RaphGL | Stop (ab)using regex

Due to how widespread support for regex is in many languages, people feel like regex is a good tool to reach out for when you need to match over some text. Whether it be while writing a parser, validating some input or whatever else. I’m here to argue that while there are some small valid uses for regex that are very useful, most uses of regex are an abuse of them. This is because people writing regex usually don’t really know how to parse themselves. So they just use whatever tool they know how to use.

How your regex is ran

To be run, your regex first goes through a few steps:

Tokenizing - the regex is read and converted into tokens
Parsing - the tokens are converted into a syntax tree that can be walked through and more easily worked with by code
Compilation - the syntax tree is read and compiled into instructions for a regex virtual machine
Optimization (optional) - the instructions are ran through an optimizer and then turned into more efficient code

By the time all of this is done your program has run through a couple thousand lines of code. Now you have a compiled regex expression and can run it through the regex virtual machine.

Regex is bad

From a performance standpoint, doing all those steps already is much slower than calling any small function. Running through a virtual machine means at least a few levels of indirection which is likely to thrash the cache and just runs a lot more code to do the same thing. So just by using regex, you’re letting go of performance. But ok, you don’t care about performance. I get it, no one cares about performance anymore. So let’s look at the other reason why regex is bad.

Regex is unmaintainable

Comprehending any reasonable complex regex expression is a huge waste of time. Let’s look at this example I copied from stackoverflow:

"^(?=.*[A-Za-z])(?=.*\d)[A-Za-z\d]{8,}$"

Can you guess what it does at a glance without opening the link, seeing a comment or using one of those regex explainer tools? Probably not. Here’s what it does:

Minimum eight characters, at least one letter and one number

Now look at what the alternative is:

// note: isAlphanumeric, isNumber and isAlpha are not real javascript functions
// but they're here to prove a point not to write absolutely correct code
function isValidPassword(password: string): bool {
  if (password.length < 8) {
    return false;
  }

  let charCount = 0;
  let numCount = 0;

  for (const c of password) {
    if (!c.isAlphanumeric()) {
      return false;
    }

    if (c.isNumber()) numCount += 1;
    if (c.isAlpha()) charCount += 1;
  }

  return charCount >= 1 && numCount >= 1;
}

It is more “verbose” but you can actually understand what it’s doing and if you wanted to update the validation you can easily change it and reason about it. Meanwhile for the regex version it might take you a couple tries and you might even need to completely scrap your current implementation. Even if you were a regex wizard, other people aren’t. So your regex is just objectively harder to understand and maintain.
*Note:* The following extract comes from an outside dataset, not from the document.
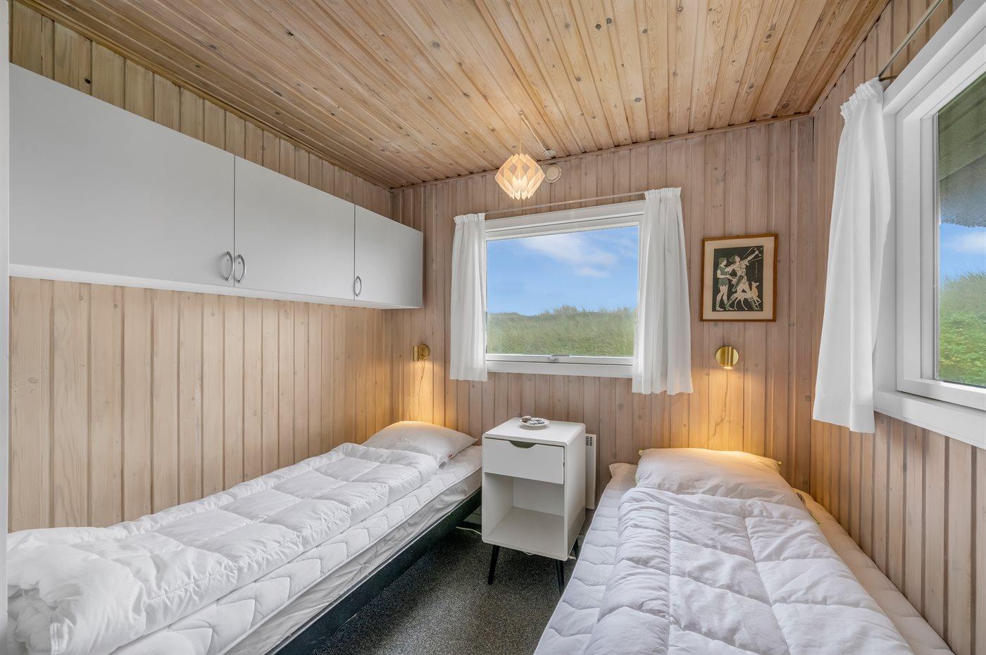 Der er i alt 4 soveværelser. Sovepladserne fordeler sig på: 6 sovepladser i dobbeltsenge. 2 sovepladser i enkeltsenge.

Regex can’t give good error messages

The only thing you get from using a regex is a match or not a match. You can’t really give good error messages with it. If you write the parser yourself and you know what is and isn’t expected, you can give more meaningful error messages than “password doesn’t match regex” or whatever.

Regex is good actually

Regex is not a good tool for validation and parsing. People use them as such but they’re not a good tool for that. It’s not a replacement for knowing how to parse. If your program requires user interactivity to do matches, then regex is a good tool. Things like search functionality in text editors, the find tool on browsers and so on are good use cases, for a regex engine in your program.

But if you already know the shape of the thing you want to match against and it’s not supplied by the user, then you’re probably better off writing your own validation/parser. You’ll get better performance, better errors and more understandable and maintainable code.